Work to complete =>
Starting with the line that has "Pour avoir plus" and finishing with the line that has "2025年广东医科大学历史类", set down each line below exactly. Pictures are not copied.

Extracted data =>
BEGIN

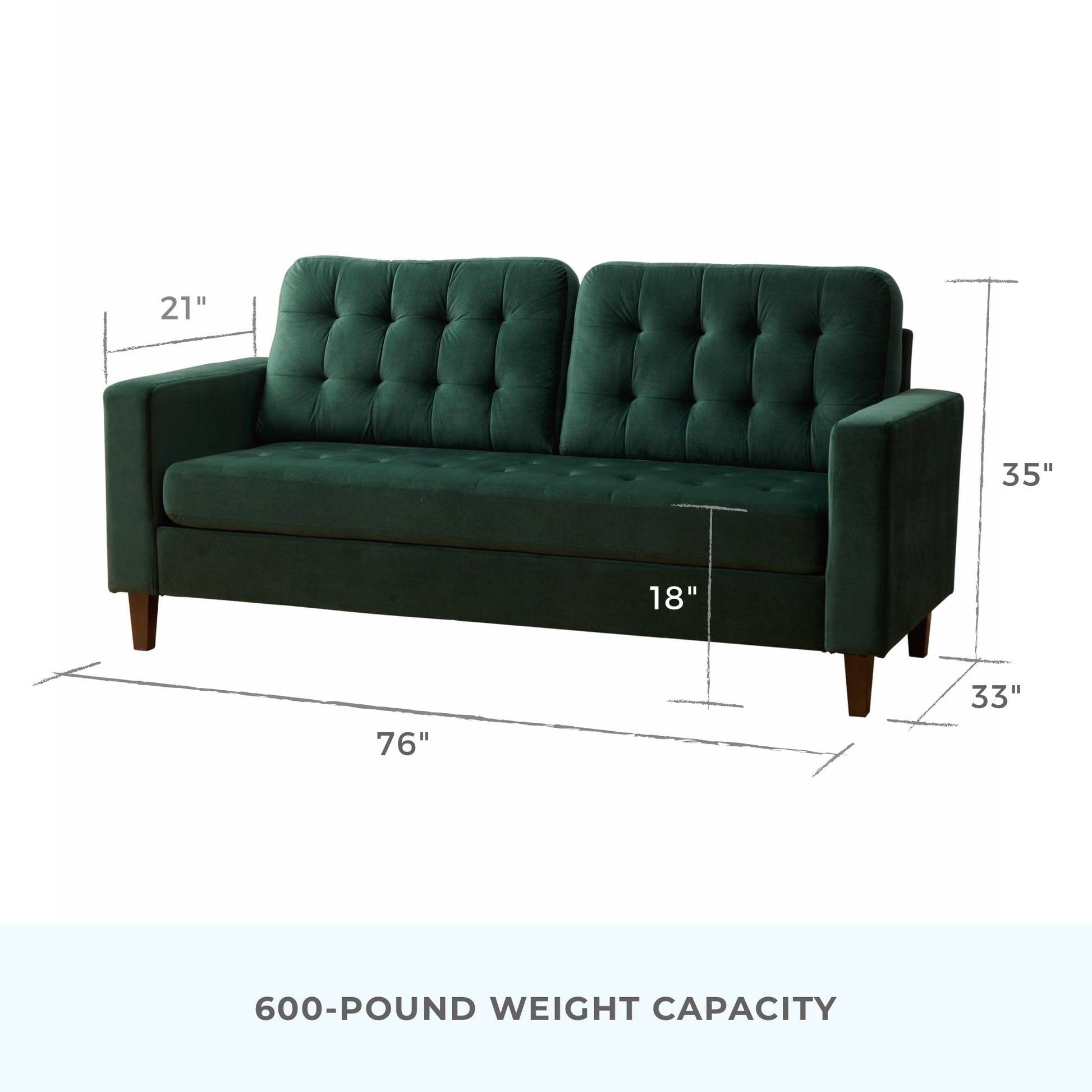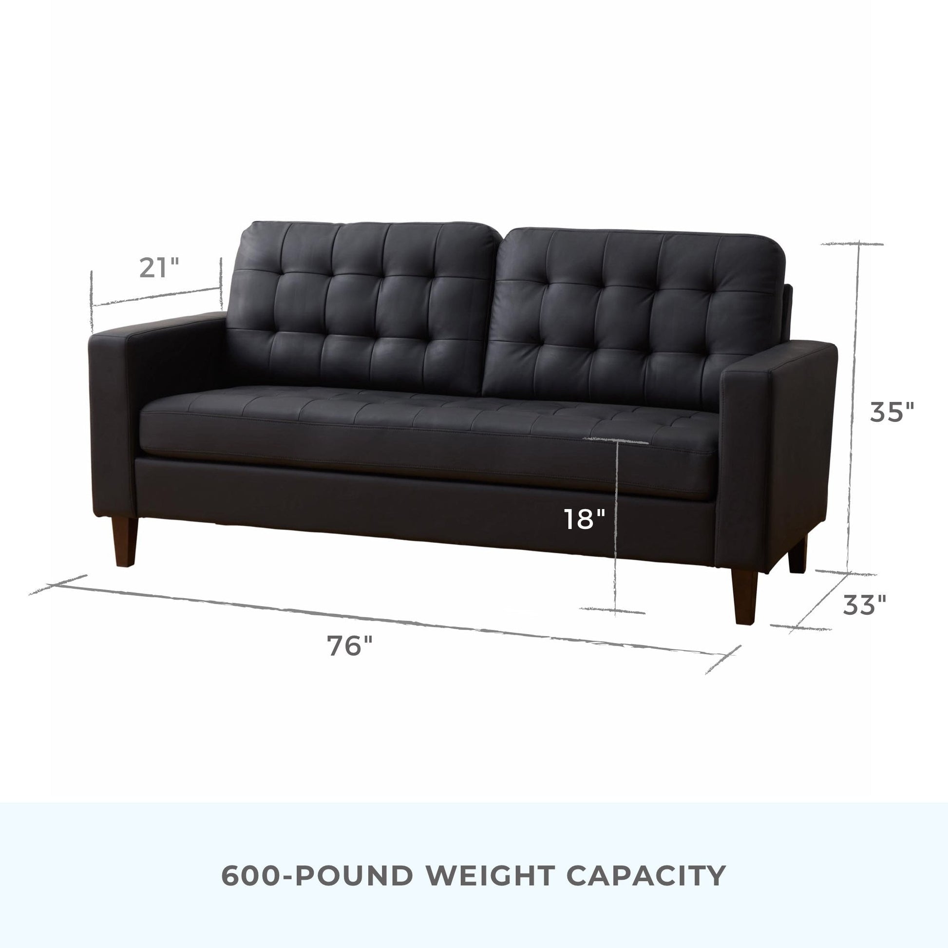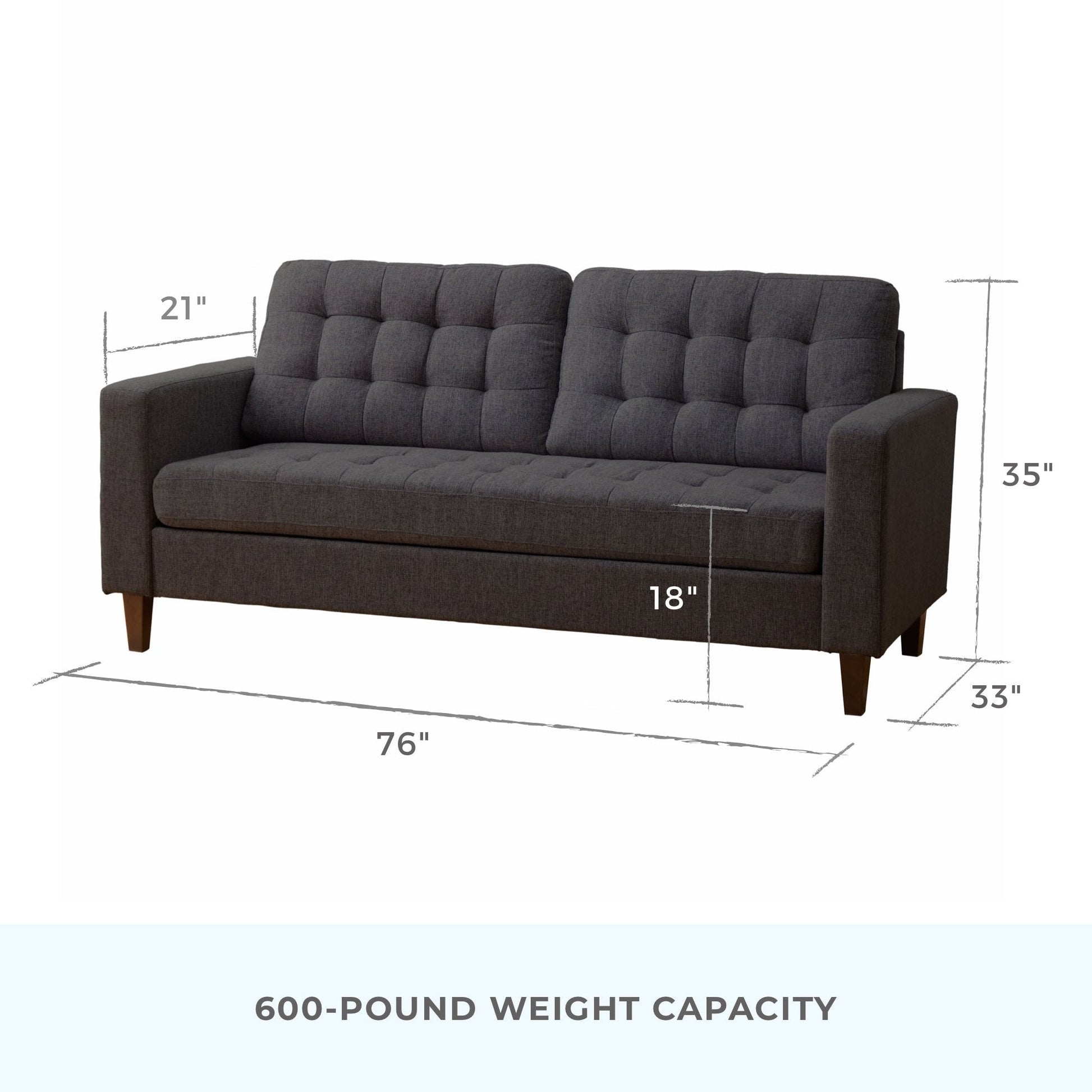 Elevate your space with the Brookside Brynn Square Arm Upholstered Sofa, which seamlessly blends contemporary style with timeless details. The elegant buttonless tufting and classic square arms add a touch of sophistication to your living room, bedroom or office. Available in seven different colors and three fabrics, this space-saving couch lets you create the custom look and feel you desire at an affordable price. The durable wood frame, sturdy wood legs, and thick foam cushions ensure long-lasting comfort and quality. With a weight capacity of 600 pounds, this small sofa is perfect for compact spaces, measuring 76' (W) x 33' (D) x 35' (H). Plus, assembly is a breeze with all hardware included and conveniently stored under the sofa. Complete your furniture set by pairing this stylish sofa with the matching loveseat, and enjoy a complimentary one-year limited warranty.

END
BEGIN

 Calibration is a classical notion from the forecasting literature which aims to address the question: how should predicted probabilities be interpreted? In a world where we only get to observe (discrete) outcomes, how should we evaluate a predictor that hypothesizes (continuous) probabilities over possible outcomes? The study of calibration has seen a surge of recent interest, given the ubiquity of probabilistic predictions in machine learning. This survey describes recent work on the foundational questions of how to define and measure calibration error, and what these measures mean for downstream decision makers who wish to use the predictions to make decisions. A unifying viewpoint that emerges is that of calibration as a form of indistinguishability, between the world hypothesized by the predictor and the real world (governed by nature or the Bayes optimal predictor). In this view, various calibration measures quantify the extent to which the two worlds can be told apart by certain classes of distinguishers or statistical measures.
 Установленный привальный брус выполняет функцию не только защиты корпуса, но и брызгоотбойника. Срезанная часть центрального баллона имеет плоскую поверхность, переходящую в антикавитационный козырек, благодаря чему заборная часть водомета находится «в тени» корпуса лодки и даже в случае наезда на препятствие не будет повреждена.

END
BEGIN

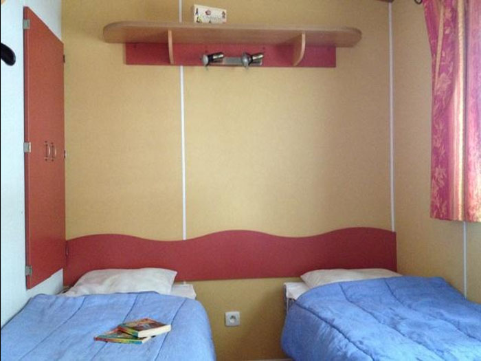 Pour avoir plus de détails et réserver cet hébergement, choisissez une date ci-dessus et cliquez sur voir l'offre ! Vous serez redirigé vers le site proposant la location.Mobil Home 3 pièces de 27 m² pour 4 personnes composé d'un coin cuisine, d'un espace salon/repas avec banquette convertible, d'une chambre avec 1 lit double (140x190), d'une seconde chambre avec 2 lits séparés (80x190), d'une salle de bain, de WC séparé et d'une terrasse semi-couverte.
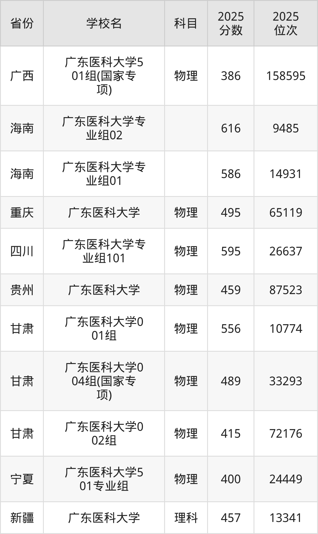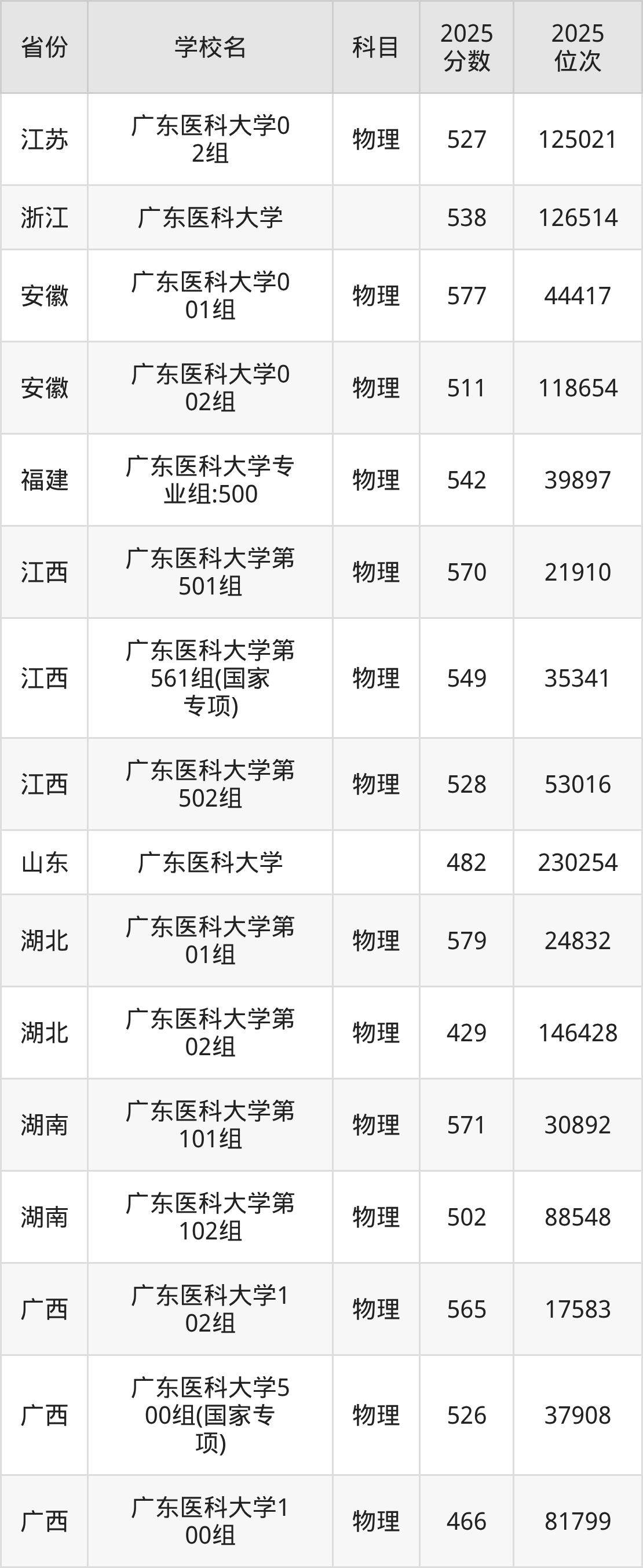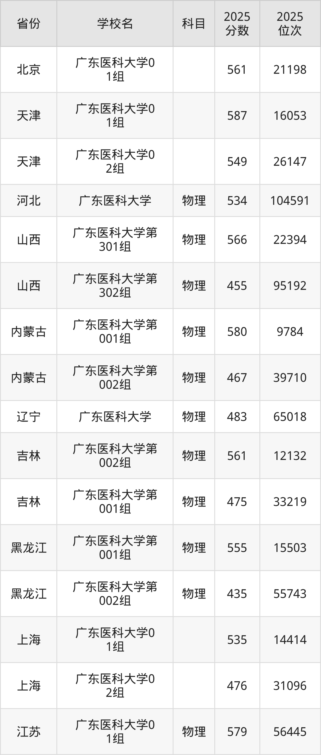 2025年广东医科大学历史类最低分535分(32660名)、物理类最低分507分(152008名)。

END

Solution below =>
 Pour avoir plus de détails et réserver cet hébergement, choisissez une date ci-dessus et cliquez sur voir l'offre ! Vous serez redirigé vers le site proposant la location.Mobil Home 3 pièces de 27 m² pour 4 personnes composé d'un coin cuisine, d'un espace salon/repas avec banquette convertible, d'une chambre avec 1 lit double (140x190), d'une seconde chambre avec 2 lits séparés (80x190), d'une salle de bain, de WC séparé et d'une terrasse semi-couverte.
 2025年广东医科大学历史类最低分535分(32660名)、物理类最低分507分(152008名)。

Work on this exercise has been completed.